Deborah Poynton


Deborah Poynton is a South African painter best known for her monumental, hyper-realistic, hyper-detailed, nude portraits, usually of friends and family. She lives and works in Cape Town.

Early life and education

Born in Durban, South Africa in 1970, her parents founded and ran an anti-apartheid conference centre and died when she was a child. Poynton grew up in South Africa, England, Swaziland and the United States, often moving to different boarding schools.
Poynton knew from the start that she wanted to be an artist. Before returning to South Africa to paint, she attended the Rhode Island School of Design for two years between 1987 and 1989, but did not graduate.

Career

Poynton's paintings are more about the act of looking, of exposing the "trickery" behind traditional artistic practices, than they are windows onto a surreal world. By constructing spaces, placing slightly discordant objects amongst seemingly natural landscapes, Poynton creates a tension within her work that is intended to make the viewer uncomfortably aware of the act of perception. While most of her work can be categorized as realism, a few series depart from her usual aesthetic in a more abstract project.
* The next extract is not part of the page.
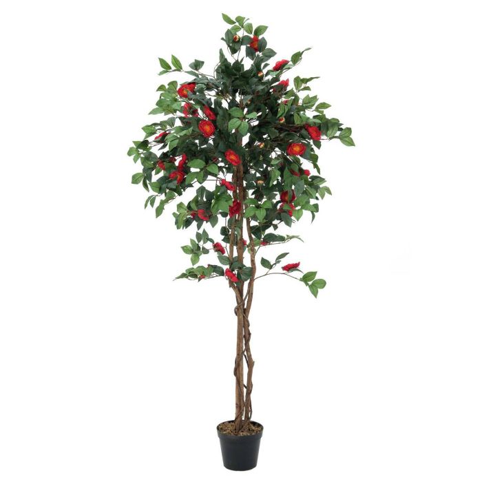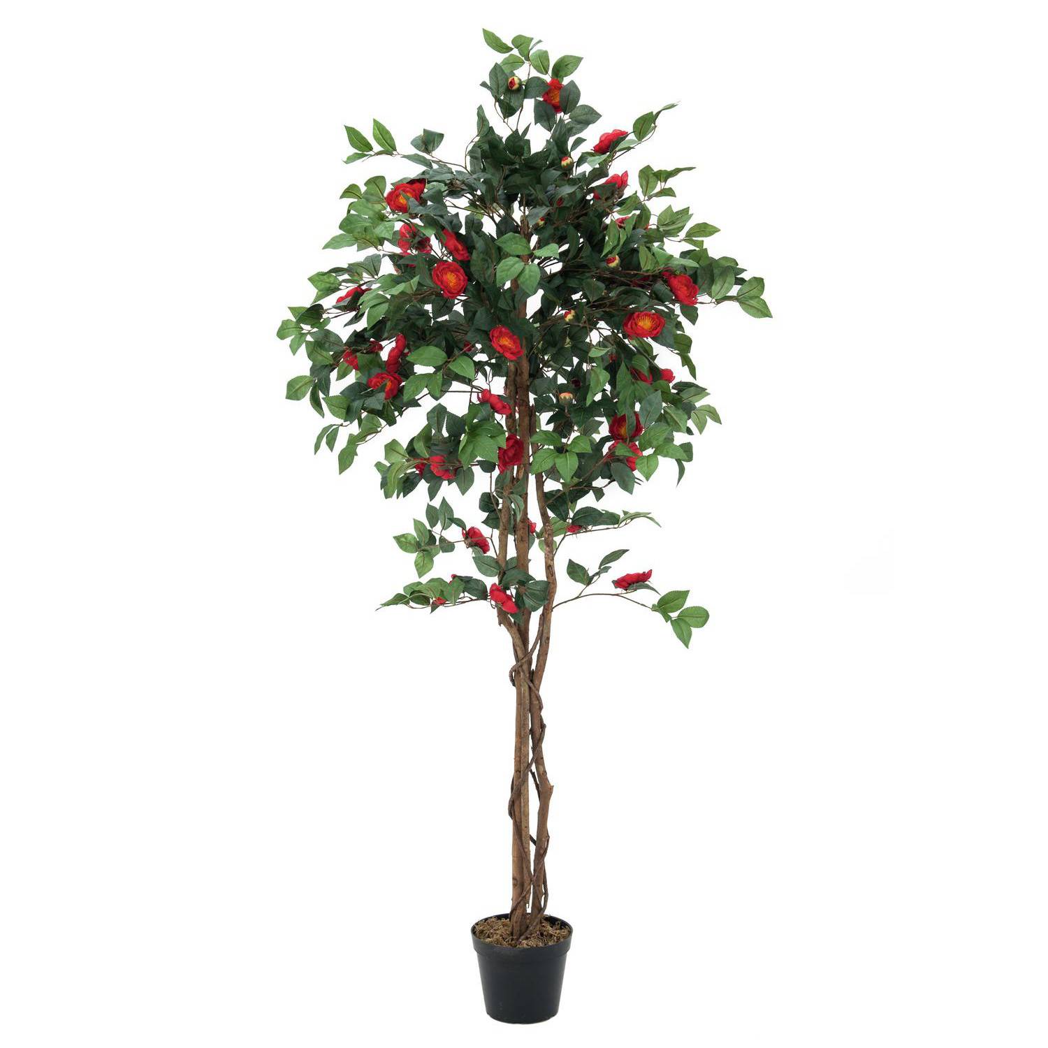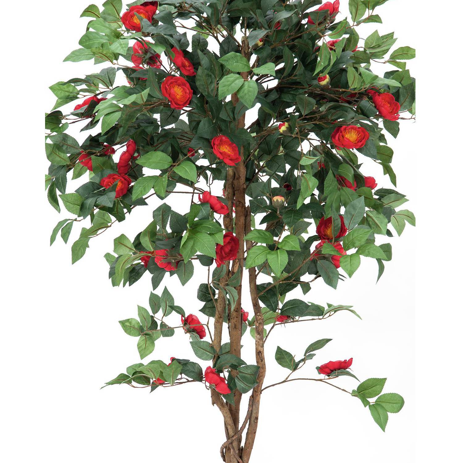Camélia artificiel orné d'environ 110 fleurs rouges et 1630 feuilles. Cet arbre artificiel est pourvu de 3 troncs qui sont entourés de 3 lianes et mesure au total environ 180 cm de haut.

Her current exhibition, Scenes of a Romantic Nature, draws on her connection to Germany by referencing the landscape paintings of German artist Caspar David Friedrich.
Her work often conflates tropes from traditional art history, from compositional techniques to poses of her subjects, and the indices of contemporary life to create a sense of chaotic inscrutability; in this way, Poynton creates work which is aesthetically engaging and intellectually confounding. This quality of her work is exemplified in her series Safety & Security, 2006.